*** Opening of Information ***

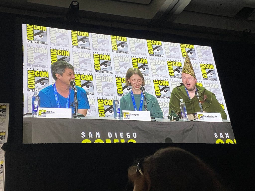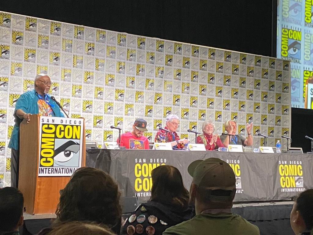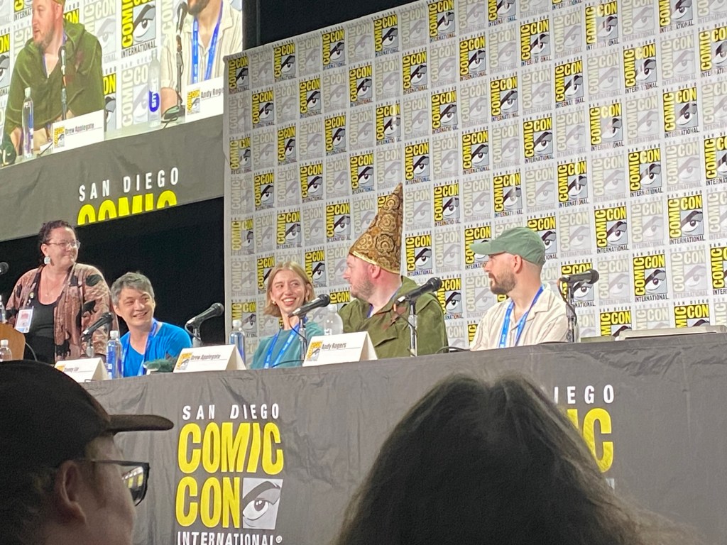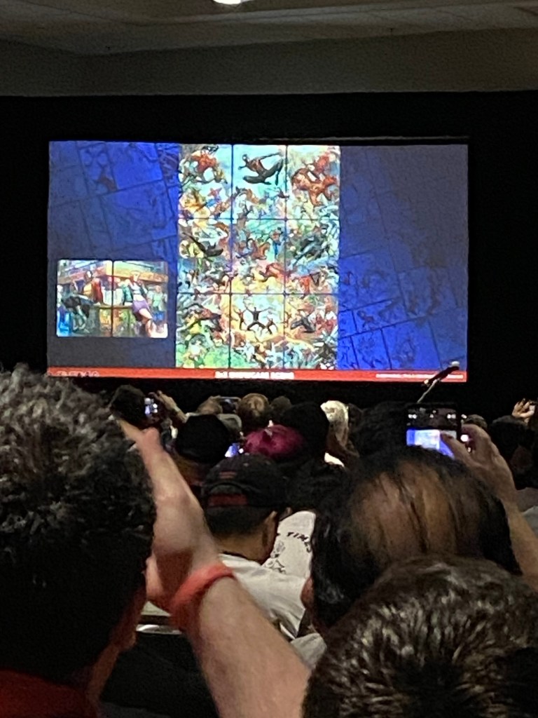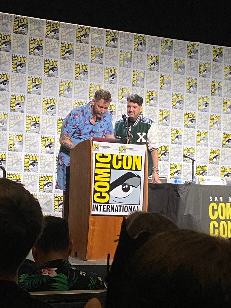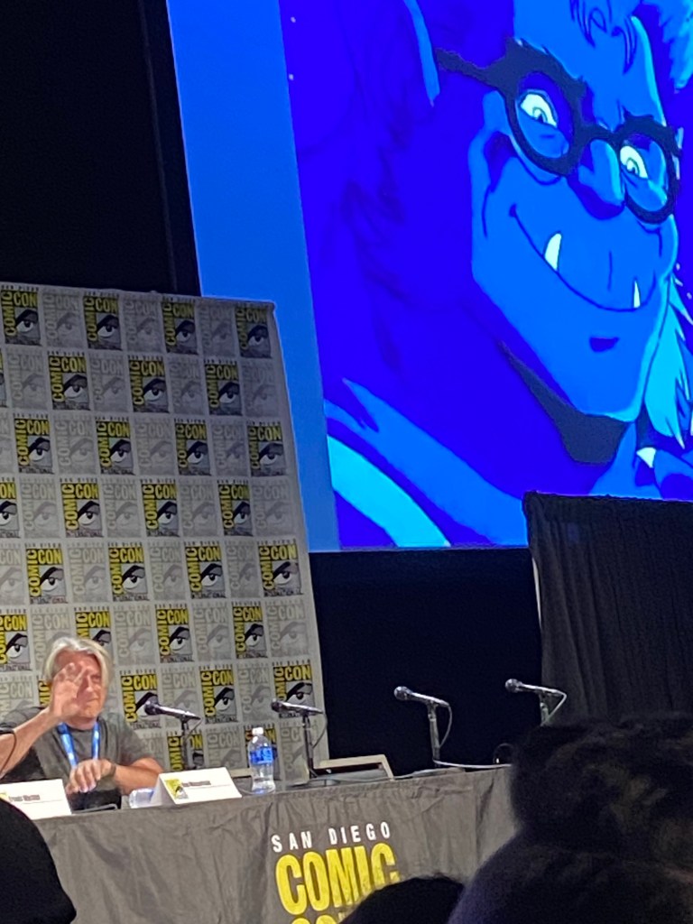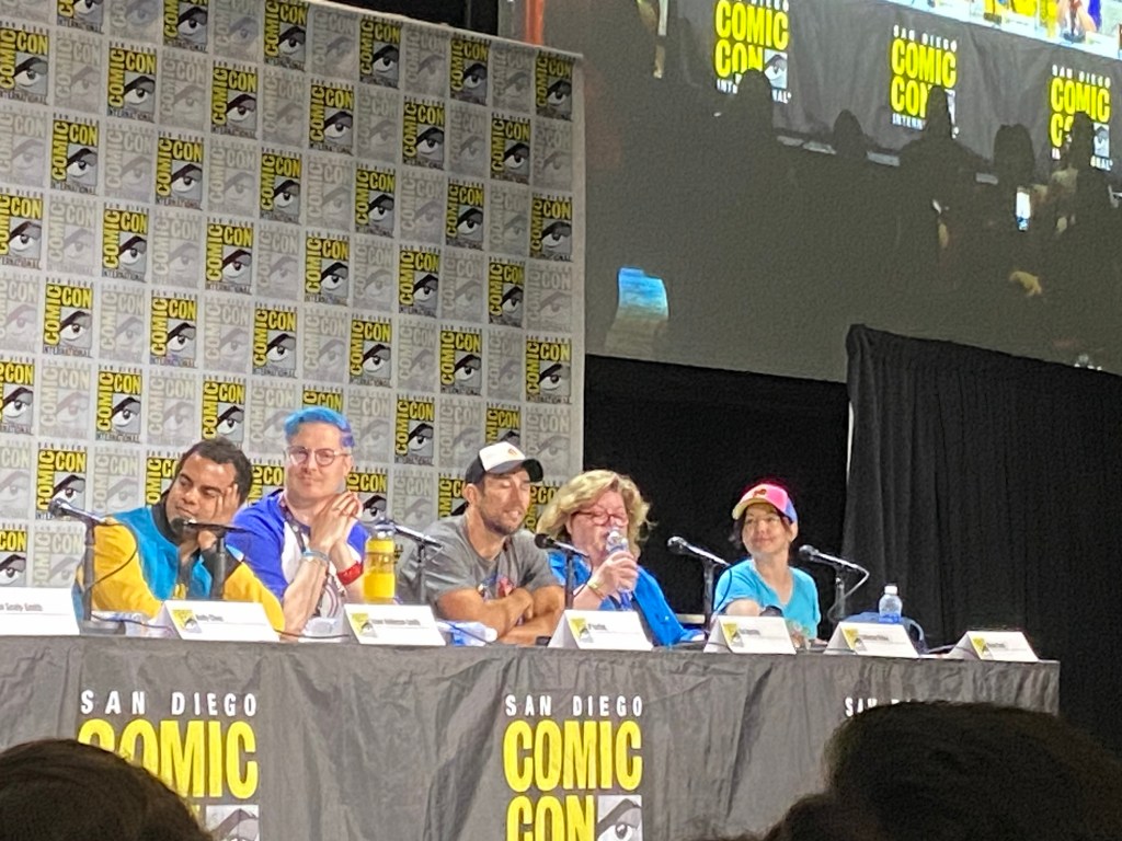 10:35-11:30 – The panel that day for me was the Amphibia panel with Matt Braly (the show’s creator). It was a wonderful look-back at the show and an intriguing look forward to the upcoming comic miniseries. It was nice to have this panel because as Matt said, when the final season of the show aired it was the pandemic, so there was no SDCC, and thus, no Amphibia panel. He said he really would have liked that to have happened. He and the other panelists (who were storyboard artists from the show) talked about the show’s art book and Marcy’s journal that were both made in collaboration with TokyoPop. I had actually forgotten that he was creating a comic set after the events of the show. So it was great to hear news about it. We got to see some promo art and then some unfinished pages from the first issue, the last page of which had us all tearing up from the emotions it brought down on us. I really enjoyed this panel. On the way out I saw podcast host Hector Narvarro sitting in the front row, he was there because his girlfriend is an anime voice actor and she was one of the panelists on the next one. We fist-bumped quickly. I had seen him back at SDCC 2019, also very briefly.
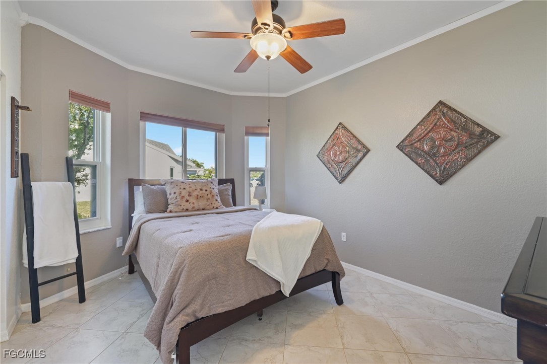 The oversized primary bedroom has room for a sitting area or home office the sliders open out to the lanai and pool area.
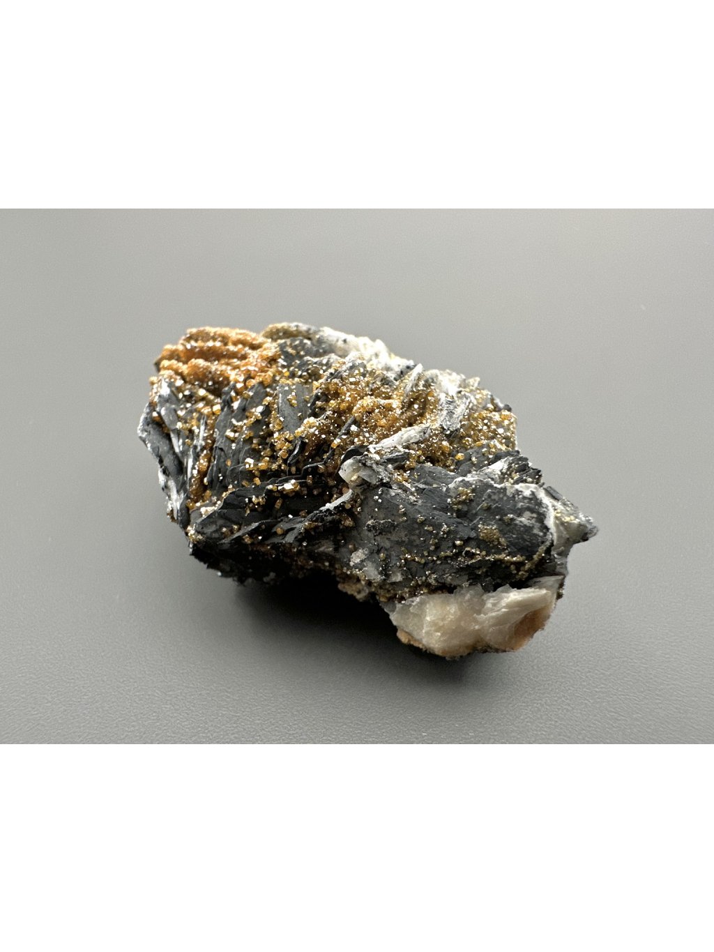 Vanadinite often forms beautiful compositions with barite, creating very aesthetic collectible specimens. In some cases, the barite, which is usually white or yellowish, may be covered with manganese salts. The manganese salts give the barite dark brown to black hues, creating a contrast with the vanadinite crystals. These crystals typically occur in bright red or orange, creating a visually attractive combination of
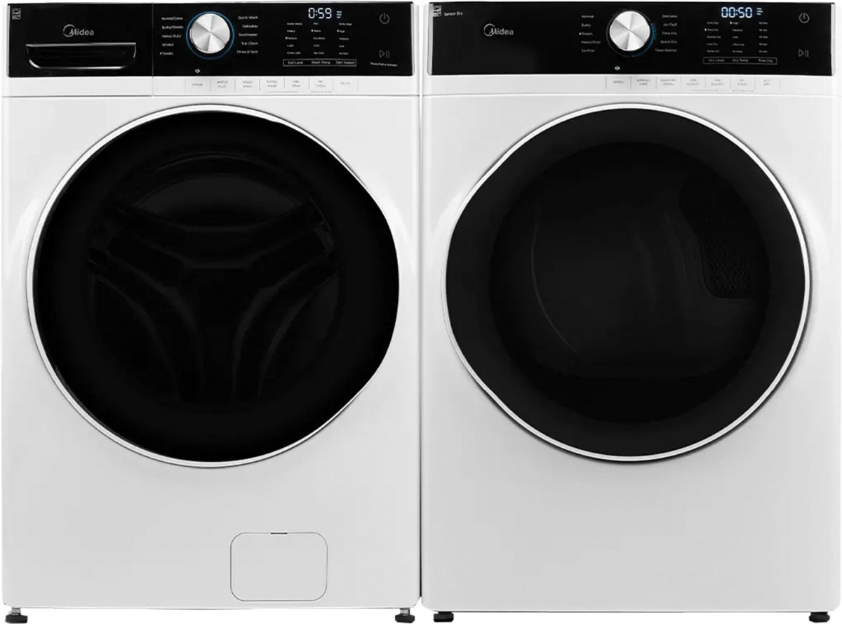 Midea® White Front Load Laundry Pair with a 5.2 cu. ft. capacity front load washer and a 8.0 cu. ft. capacity front load electric dryer.Read More
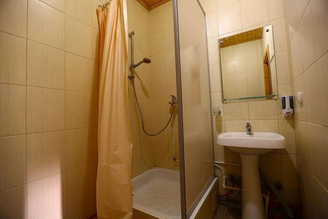 банные полотенца, двуспальная кровать, душ, туалетВ коттедже
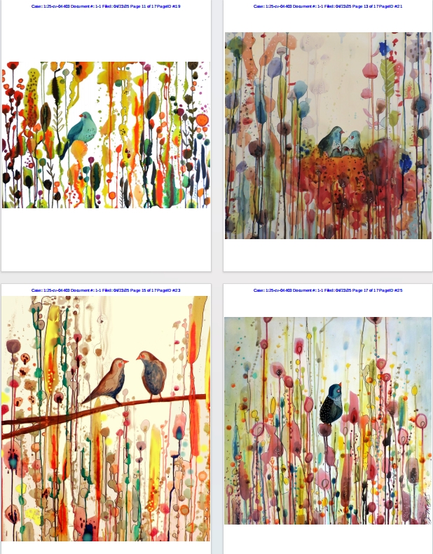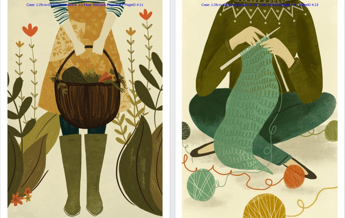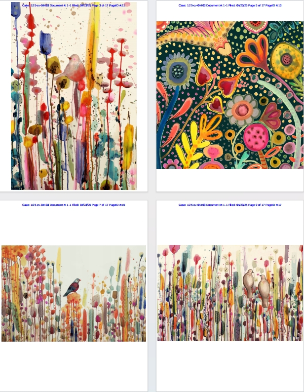 Sylvie Demers 案件编号:2025-cv-04403 起诉时间:2025年4月23日 原告律所:Keith 原告方:Sylvie Demers 侵权原因:版权侵权 Sylvie Demers 是一位来自加拿大蒙特利尔的现代画家,她创作的艺术作品色彩丰富、质感丰富,并运用突破传统的创作技巧,经常将水彩、粉彩和马克笔等媒介巧妙融合。她的作品题材广泛,从花卉到鸟类和肖像,风格以充满异想天开的描绘或抽象画为特色,色彩大胆,想象力丰富。 Tobias Teixeira Da Fonseca 案件编号:2025-cv-04399 起诉时间:2025年4月23日 原告律所:Keith 原告方:Tobias Teixeira Da Fonseca 侵权原因:版权侵权 Emily Holmes 案件编号:2025-cv-04402 起诉时间:2025年4月23日 原告律所:Keith 原告方:Emily Holmes 侵权原因:版权侵权 Emily Holmes于2016年在布里斯托尔创立了自己的插画品牌。现在,她在家乡克利夫登的工作室里,为高品质的印刷品、卡片和礼品创作独特的插画。艾米丽的独特风格是手绘数字艺术品与拼贴复古面料和照片的结合。 如何判断产品是否涉及版权侵权,如何规避与应对侵权纠纷?可查看文章👉: 跨境卖家闯荡美国市场,别让版权纠纷成了“滑铁卢”!美国版权侵权判定标准与赔偿机制分析 如有不幸遇到侵权或者想要发起维权的朋友,可以第一时间联系我们,我们会针对不同案情提供最专业的服务。
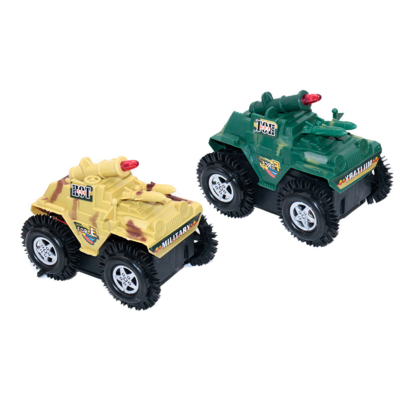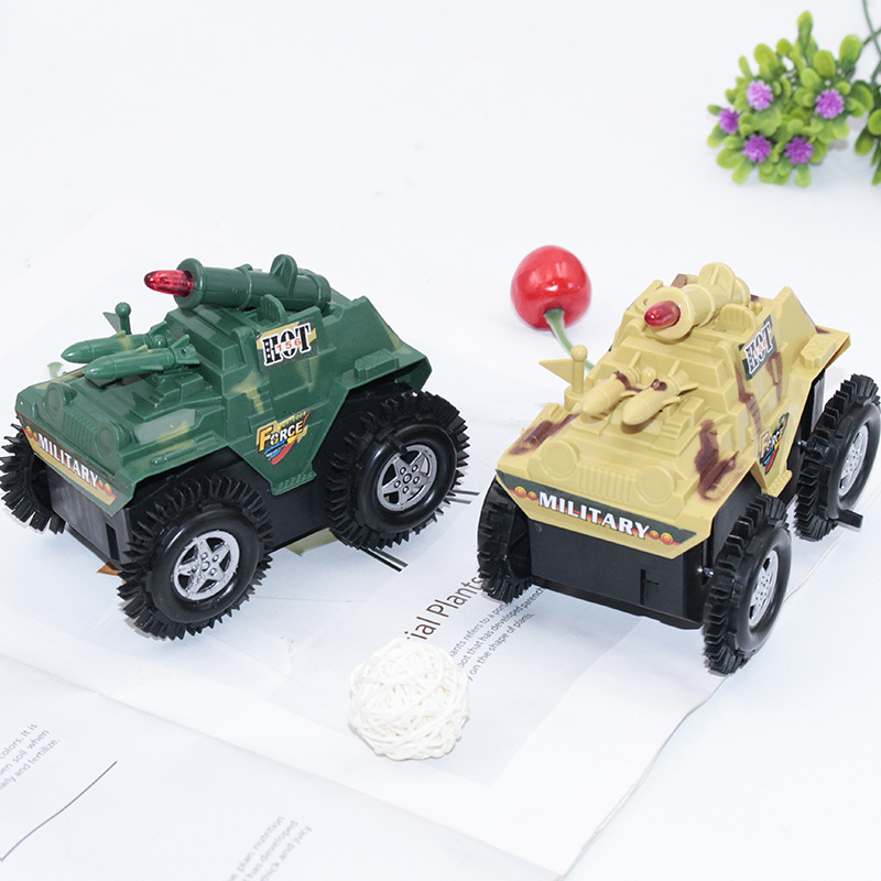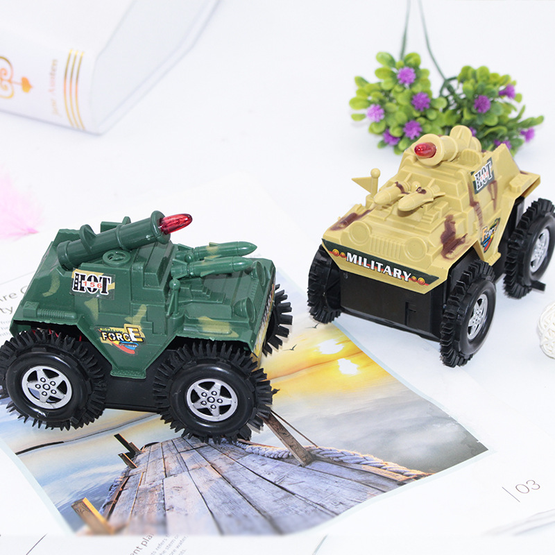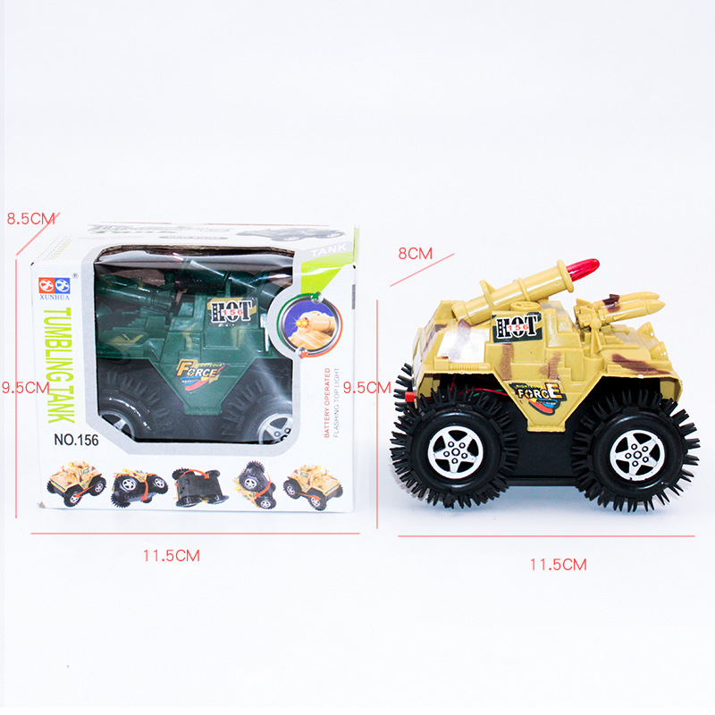 儿童电动军事翻斗车四驱车玩具坦克模型特技翻滚车旋转灯光迷彩车

*** Close of Information ***

• _Aim of the exercise_
With the pictures omitted, set down each line exactly, starting at the first line of the records above and ending with the line that contains "The oversized primary".

• _Answer to the problem_
 10:35-11:30 – The panel that day for me was the Amphibia panel with Matt Braly (the show’s creator). It was a wonderful look-back at the show and an intriguing look forward to the upcoming comic miniseries. It was nice to have this panel because as Matt said, when the final season of the show aired it was the pandemic, so there was no SDCC, and thus, no Amphibia panel. He said he really would have liked that to have happened. He and the other panelists (who were storyboard artists from the show) talked about the show’s art book and Marcy’s journal that were both made in collaboration with TokyoPop. I had actually forgotten that he was creating a comic set after the events of the show. So it was great to hear news about it. We got to see some promo art and then some unfinished pages from the first issue, the last page of which had us all tearing up from the emotions it brought down on us. I really enjoyed this panel. On the way out I saw podcast host Hector Narvarro sitting in the front row, he was there because his girlfriend is an anime voice actor and she was one of the panelists on the next one. We fist-bumped quickly. I had seen him back at SDCC 2019, also very briefly.
 The oversized primary bedroom has room for a sitting area or home office the sliders open out to the lanai and pool area.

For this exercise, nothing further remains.